Music Banter - View Single Post - The Playlist of Life --- Trollheart's resurrected Journal
View Single Post
Old 01-27-2013, 09:49 AM   #1694 (permalink)
Trollheart
Born to be mild
 
Trollheart's Avatar
 
Join Date: Oct 2008
Location: 404 Not Found
Posts: 26,970
Default


There are people --- too many, unfortunately as far as I'm concerned --- who will hear a song, like it, buy it and then move on. These people are mostly what we used to call single-buyers; people who are more interested in what's popular and in the charts than in any one band. Their collection probably consists of hundreds, perhaps thousands of singles all of different bands. Having heard something they like, they have no desire to look further into that artiste's music. They may love the single, but they won't buy the album. Or they might, if it has enough hit singles on it, but are unlikely to play the whole thing through any more than once. They're not interested in collecting an artiste's discography, and they don't care what their new album sounds like. To some extent, I experience this first hand, as my sister is, or was, one of these people. There were certain songs she liked and no matter how much I tried to get her into the albums from which those songs came, or other albums, she wasn't interested. She's a big Bon Jovi fan, but her last experience of them was "Keep the faith", and she hasn't had any interest in their newer albums. Of course, now she's bedbound with MS, so I shouldn't put her down for not keeping up to date with music. But even when she was well and healthy, this was her attitude.
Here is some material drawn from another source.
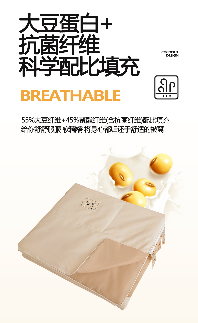 • 91家纺网 家纺一手货源 找家纺 盛凡家纺 2026新款133*72全棉A类55大豆抗菌夏被夏凉被空调被 茶白+奶咖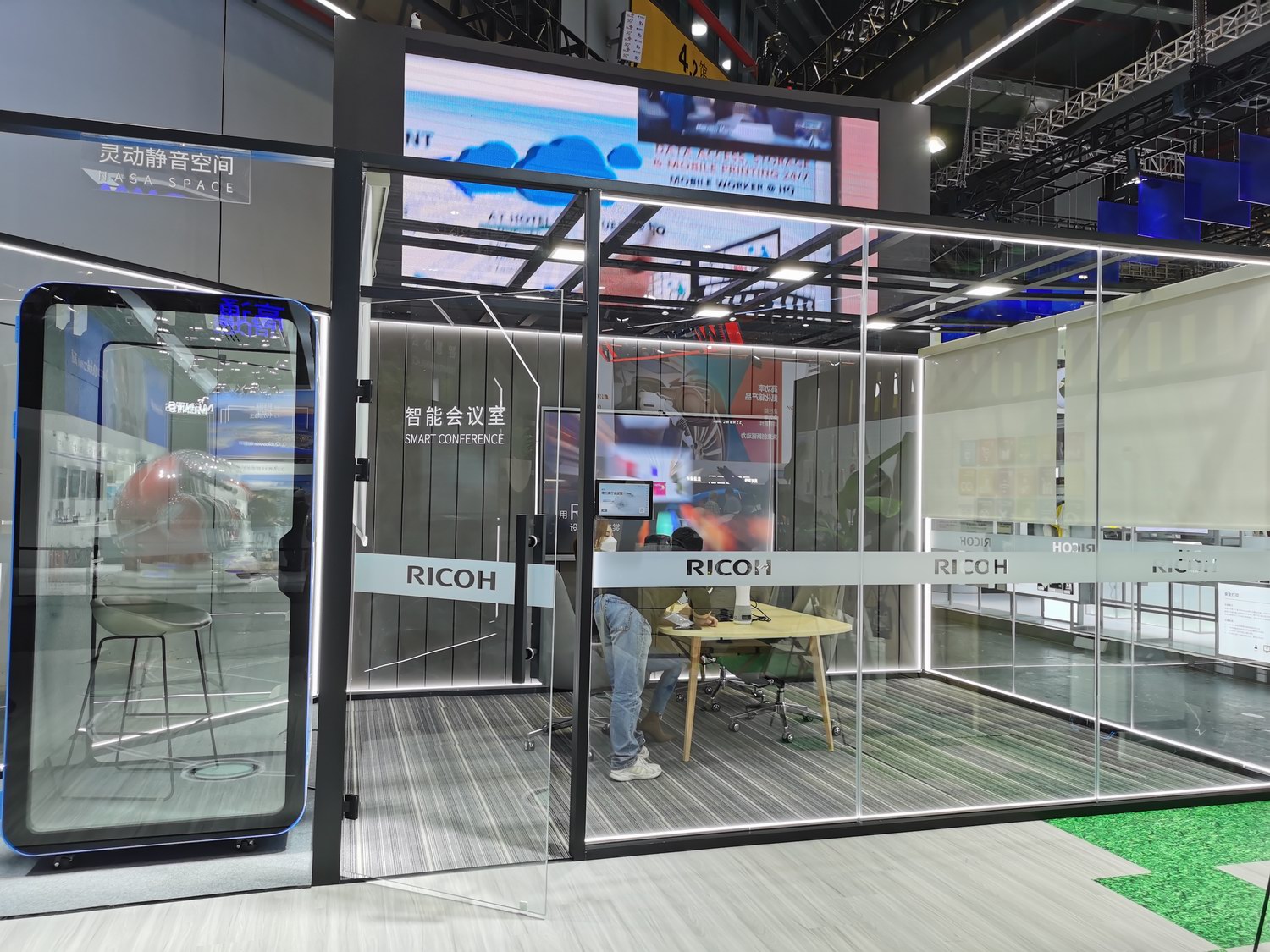 在智慧办公区域和智能会议室,两面理光商用智能会议平板映入眼帘。在疫情反复的当下,不断变化的办公环境给协同办公提出难题。理光这次参展的商用智能会议平板,能够支持本地及远程会议模式,同时还能导入第三方会议软件,实现团队协作及远程会议协同。

It's an attitude sadly too familiar and widespread, and it leads to, I suppose, singles being hits, and more than that, being one-hit wonders, or classed as such. But it's sad when people won't take the time to delve a little deeper, because they might surprise themselves and find a lot more music they like. We've all learned that lesson; indeed, for most of us it informs the way we pursue, discover and enjoy music. But because of this tendency to just buy "the hits", a large percentage of the population --- let's not be unkind and call them ignorant; let's say "uninformed musically" --- probably think that some bands only had one hit, or that all their music is like that one they like. All Foreigner music is "I want to know what love is". Everything a-ha have done is "Take on me", and Europe never wrote or had another hit after "The final countdown". It's a blinkered, biased view, but I suppose you can't blame these people. Some people are just not as into music as you and I. However I would like to set the record straight.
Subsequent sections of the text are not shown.